Scientific classification
- Kingdom: Plantae
- Clade: Embryophytes
- Clade: Tracheophytes
- Clade: Angiosperms
- Clade: Monocots
- Clade: Commelinids
- Order: Arecales
- Family: Arecaceae
- Genus: Bactris
- Species: B. maraja
- Binomial name: Bactris maraja Mart.
- Varieties: Bactris maraja var. chaetospatha (Mart.) A.J.Hend.; Bactris maraja var. juruensis (Trail) A.J.Hend.; Bactris maraja var. maraja; Bactris maraja var. trichospatha (Trail) A.J.Hend.;
- Synonyms: Pyrenoglyphis maraja (Mart.) Burret;

= Bactris maraja =

- Genus: Bactris
- Species: maraja
- Authority: Mart.
- Conservation status: LC
- Synonyms: Pyrenoglyphis maraja (Mart.) Burret

Species of flowering plant

Bactris maraja is a species of flowering plant in the family Arecaceae. It is native to South America, and was described in 1826.

Bactris maraja is a shrub or understorey palm, with compound leaves and edible fruits. The International Union for Conservation of Nature lists the species as of Least Concern.

==Taxonomy==
The species was first described by Carl Friedrich Philipp von Martius in 1826.

Four varieties are recognised:
- Bactris maraja var. chaetospatha (Mart.) A.J.Hend. - Native to northern Brazil, Colombia, and Peru
- Bactris maraja var. juruensis (Trail) A.J.Hend. - Native to Bolivia, northern Brazil, Colombia, and Peru. May be present in French Guiana
- Bactris maraja var. maraja - Native to Bolivia, northern and west central Brazil, Colombia, Costa Rica, Ecuador, Guyana, Panamá, Peru, Suriname, and Venezuela
- Bactris maraja var. trichospatha (Trail) A.J.Hend. - Native to Bolivia, northern Brazil, Colombia, French Guiana, Guyana, Peru, Suriname, and Venezuela

==Distribution==
Bactris maraja is native to the wet tropical biome of South America. It is present in Bolivia, northern and west-central Brazil, Colombia, Costa Rica, Ecuador, French Guiana, Guyana, Panama, Peru, Suriname, and Venezuela. It is found at elevations of 0-1000 m.

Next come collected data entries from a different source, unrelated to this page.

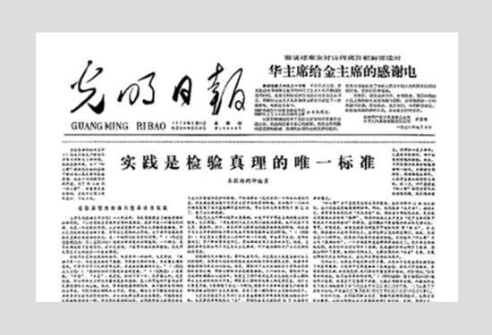(资料图:1978年5月,《光明日报》刊发评论员文章——《实践是检验真理的唯一标准》,旋即在中央、地方及军队报纸广泛转载, 在全国上下引起关于真理标准的讨论。)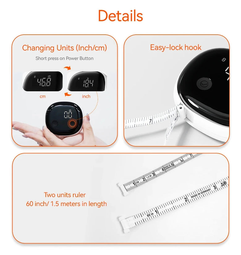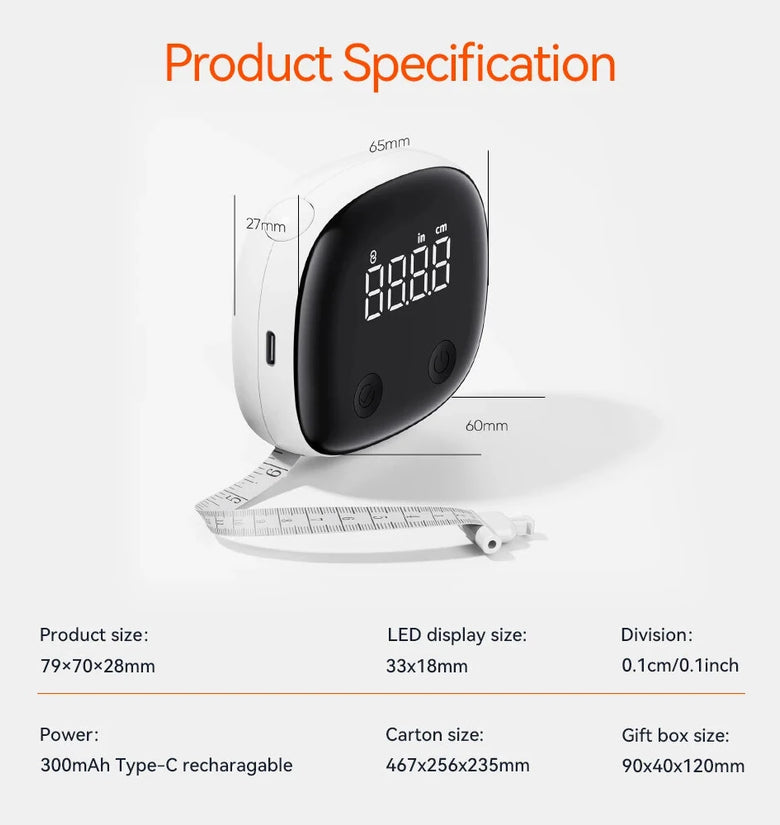 LED Display: The clear LED display (33 x 18 mm) ensures easy reading of measurements in both inches and centimeters.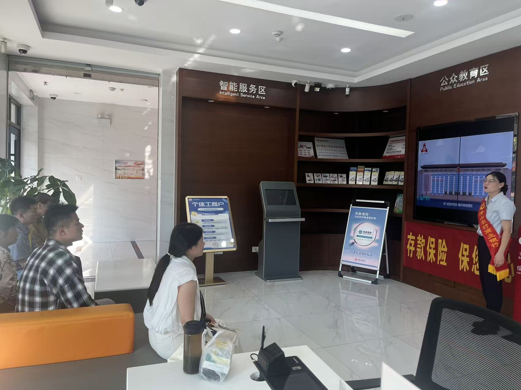 利用客户等候时间,在厅堂公众教育区,工作人员通过播放生动有趣的小视频、有奖问答等形式,向客户深入浅出地讲解存款保险制度。内容包括存款保险的概念、保障范围以及存款保险的覆盖机构、理赔流程等。这些小课堂有效消除了部分储户,尤其是老年储户对银行存款安全性的疑虑,增强了他们对银行的信任感。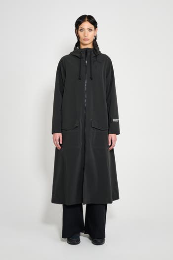 Mosebacke Long Patch is an artisanally made knee-length and a-line-shaped raincoat for women. The sturdy and hard-wearing waterproof fabric is tailored with triple-welded seams, making it impossible for any moisture to seep through. Ease of movement and comfort are achieved with under-arm eyelets and a capped drawstring hood, while patch pockets with flaps ensure that valuables stay safe and dry.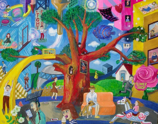 トップ:「希望の樹」、キャンバスにアクリル、91x72.7cm、2021年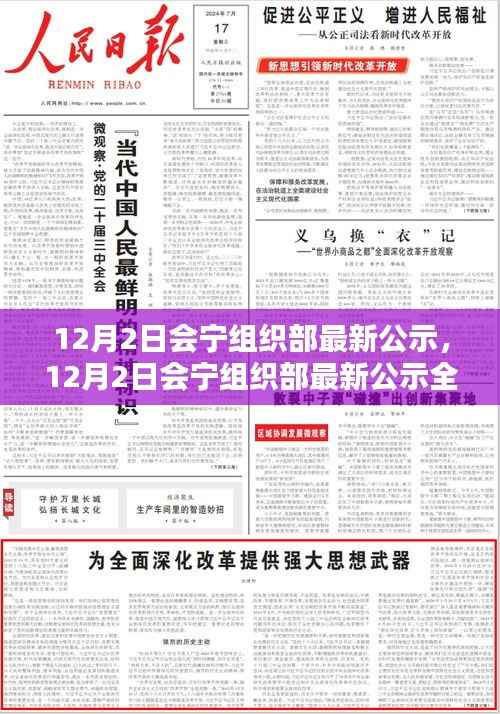 1、信息全面:“12月2日會(huì)寧組織部最新公示”內(nèi)容涵蓋了各類組織部門的重要信息,包括人事任免、工作動(dòng)態(tài)、政策解讀等,信息全面,方便公眾了解。

The species grows in various types of forests. It usually grows on non-inundated soils, but can also be found in waterlogged soil near streams.

==Description==
Bactris maraja is a shrub or tree. It is an understory palm. The stems are in clusters of up to fifteen. The stems are 1-7 m tall, and 1-4 cm wide.

The leaves are compound, and have seventeen to thirty pinnae on each side. The leaf spines are flattened, 5-10 cm long, and yellowish, turning black at the base and apex. The leaf stems are 13-76 cm long.

The flower stems are 11-18 cm long. The male flowers are around 3.55 mm long. The female flowers are 3-4 mm long.

The petals are 3-5 mm long, and form a tubular corolla. The sepals are 0.5-1.5 mm long. The calyx is a 2.5-4 mm tube. Bactris maraja flowers in January and February.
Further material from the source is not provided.